Хуже всего, если заявится сам директор Братства, отец Гори. Он придет на наш переулок, встанет на пригорок и гаркнет зычным голосом, призвавшим к покаянию миллионы китайцев: где тут дом Фрэнка Маккорта? Он гаркает, хотя твой адрес у него в кармане, и он прекрасно знает, где ты живешь. Но он хочет, чтобы все на свете знали, что ты пропускаешь собрания Братства и подвергаешь опасности свою бессмертную душу. Матери в ужасе, и отцы шепчут: меня нет, меня нет, - и родители проследят, чтобы ты впредь не прогуливал, чтобы их никто не позорил и не унижал на глазах у соседей, которые переговариваются, прикрыв рот рукой.
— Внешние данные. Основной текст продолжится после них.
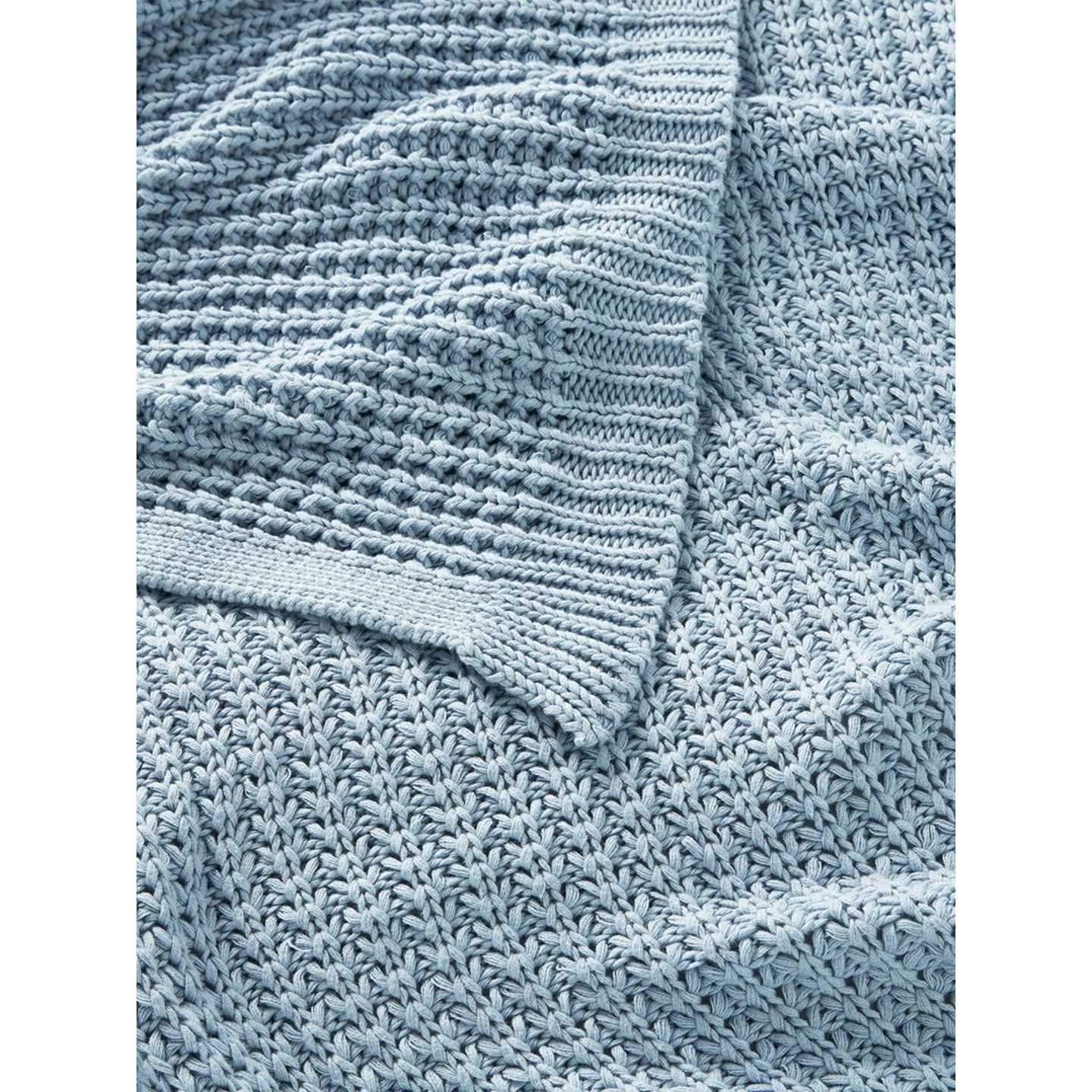- Made with 100% organic cotton, the knitted texture of this warm blanket throw is both stylish and warm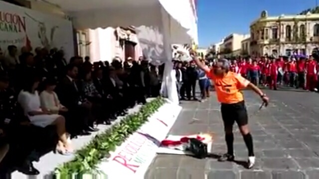 Un árbitro de fútbol que desfilaba dentro del evento cívico Revolucionario de este 20 de noviembre en Zacatecas, llegó hasta el frente del estrado donde se encontraba el Gobernador de esa entidad y le mostró a él y a su comitiva una tarjeta amarilla.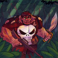 skull symbol on his chest. The overall tone of the image appears to be dark and intense, fitting for the character's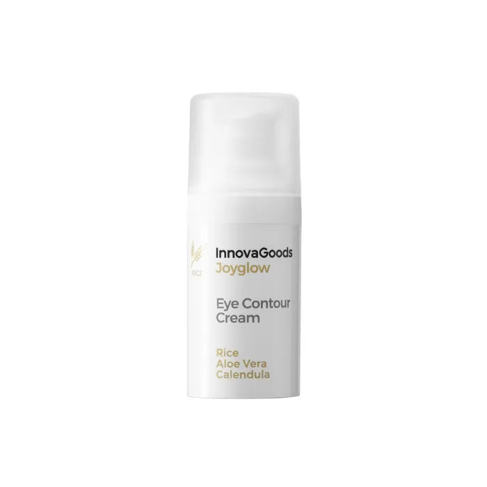 El contorno de ojos Joyglow InnovaGoods Rice previene la aparición de arrugas, bolsas y ojeras para lucir una mirada radiante y luminosa. Ingredientes naturales. PA: extracto de arroz, caléndula, aloe vera, aceite de argán, ácido hialurónico, etc.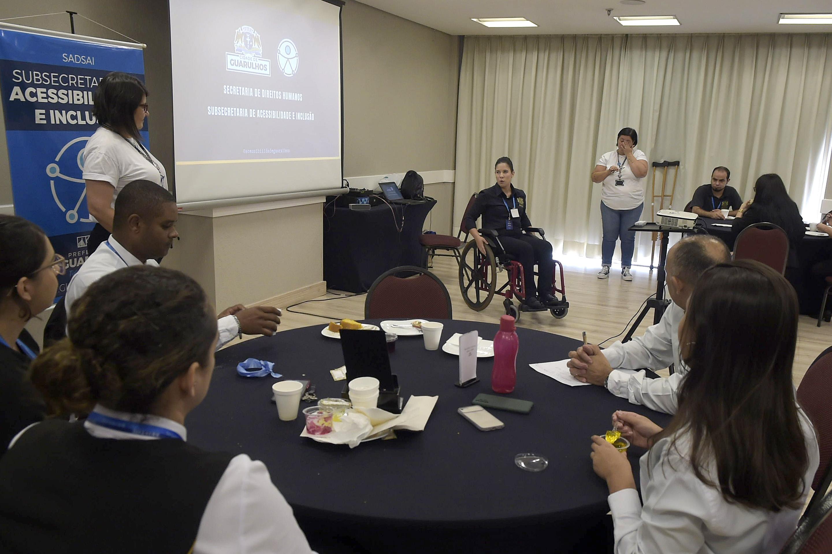 Cerca de 70 colaboradores do Hotel Bristol, no Jardim Santa Francisca, participaram nesta terça-feira (9) da oficina gratuita do projeto Vivência - Conhecer para Acolher, ministrada pela equipe da Subsecretaria de Acessibilidade e Inclusão (SAI), integrante da Secretaria de Direitos Humanos de Guarulhos. A iniciativa visa a sensibilizar empresas, prestadores de serviço e escolas sobre práticas inclusivas cotidianas que devem ser adotadas como forma de combate ao capacitismo e ao bullying.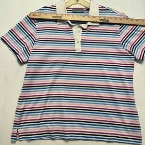 Greg Norman Womens XL Polo Shirt Multicolor Stripe Golf Activewear Cotton Blend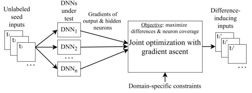 我们给出了寻找相似深度学习系统之间的大量行为差异的问题,同时最大化神经元覆盖率可以被阐释为一个联合优化问题。我们提出了一种基于梯度的算法来有效地解决这种问题。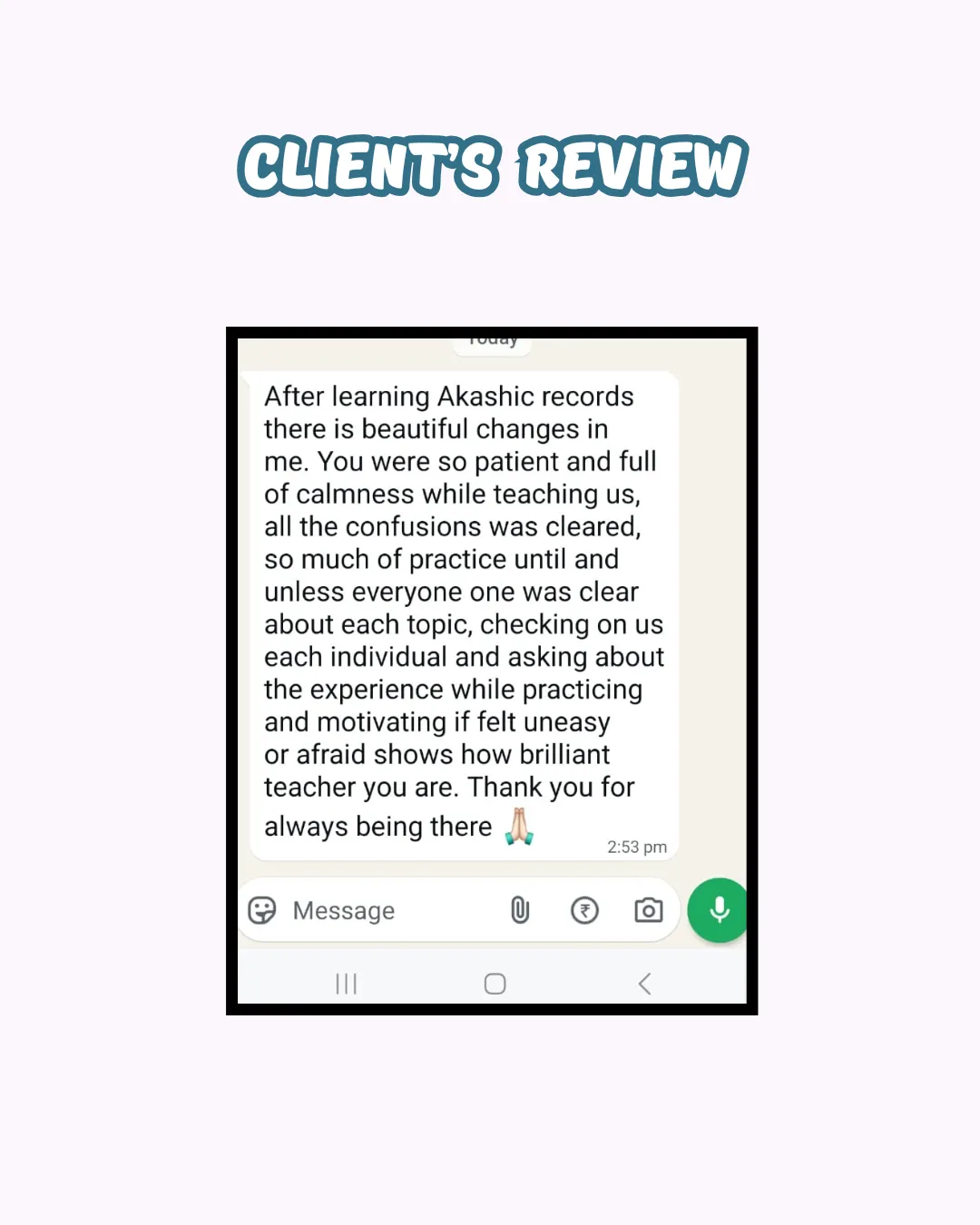 Part of the session includes understanding whether Reiki, Akashic Records, or Pendulum Healing is aligned with you — and whether it can become a purpose-led income source.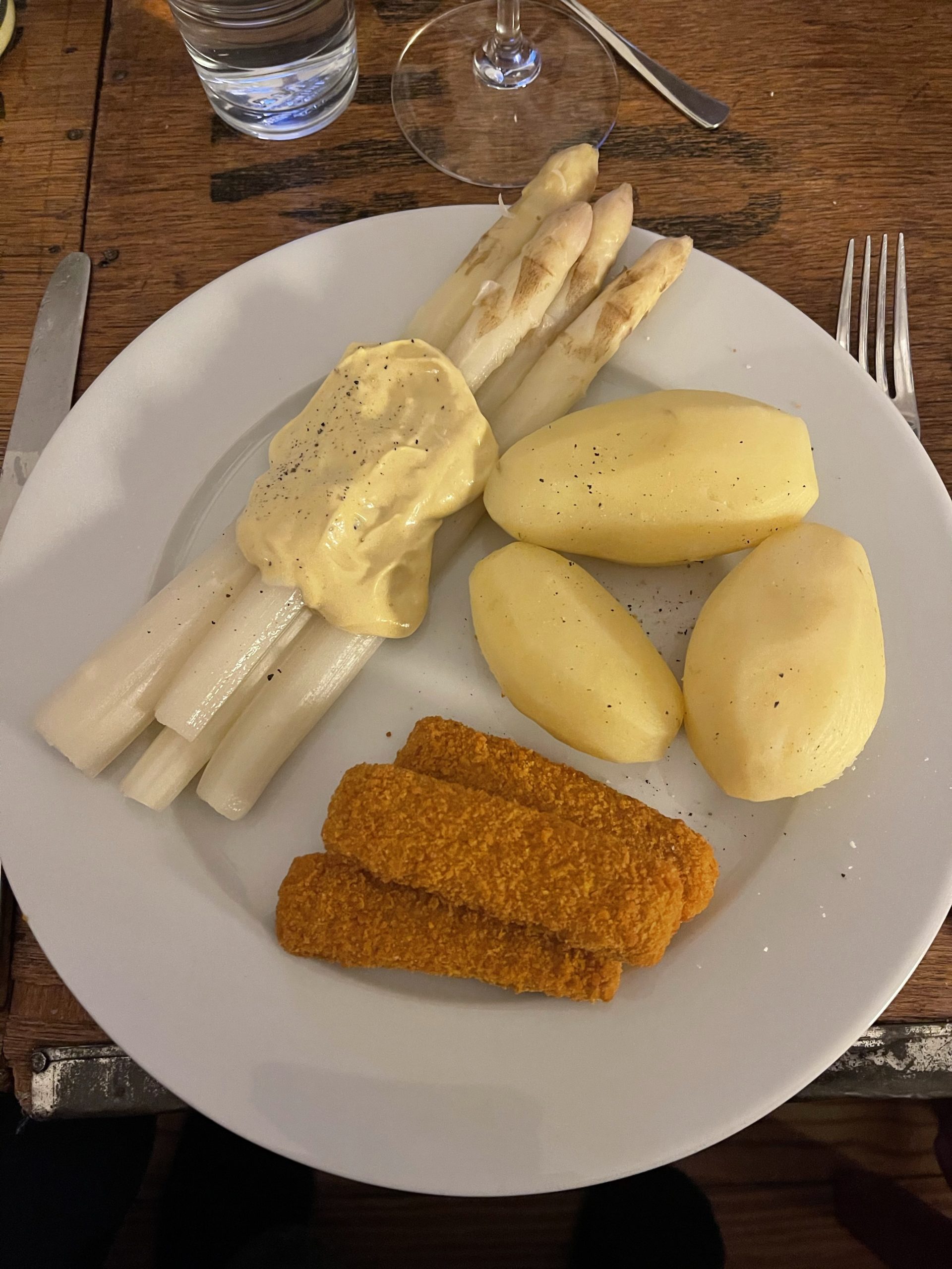 - weißer Spargel mit Kartoffeln, Sauce Hollandaise und veganen Fischstäbchen

Вопросник приводит меня в отделение св. Финбара. Сядь вон там и помалкивай, велит мне староста. Его зовут Деклан Коллопи, ему четырнадцать лет, и на лбу у него шишки, похожие на рога; брови у него рыжие, густые и сросшиеся, а руки свисают до колен. Он сообщает мне, что намерен сделать наше отделение лучшим в Братстве, и если я хоть раз не приду, он отобьет мне задницу и по частям пришлет меня матери. Для прогула причин уважительных быть не может: в одном отделении парень умирал, а его все равно принесли на носилках. Если хоть раз прогуляешь, то причиной лучше пусть будет смерть, причем не кого-то из родственников, а твоя собственная. Слышишь меня?

Слышу, Деклан.

Ребята из нашего отделения рассказывают мне, что при полной посещаемости старост премируют. Деклан хочет поскорей закончить школу и устроиться продавцом линолеума в большой магазин «Кэннокс» на Патрик Стрит. Его дядя Фонси много лет продавал там линолеум и скопил достаточно денег, чтобы открыть в Дублине свой собственный магазин, и трое его сыновей продают там линолеум. Отец Гори, директор, запросто может устроить Деклана на работу в «Кэннокс», если он будет хорошим старостой и обеспечит полную посещаемость в отделении, поэтому за прогулы Деклан в порошок сотрет. Он говорит, что между ним и линолеумом не встанет никто.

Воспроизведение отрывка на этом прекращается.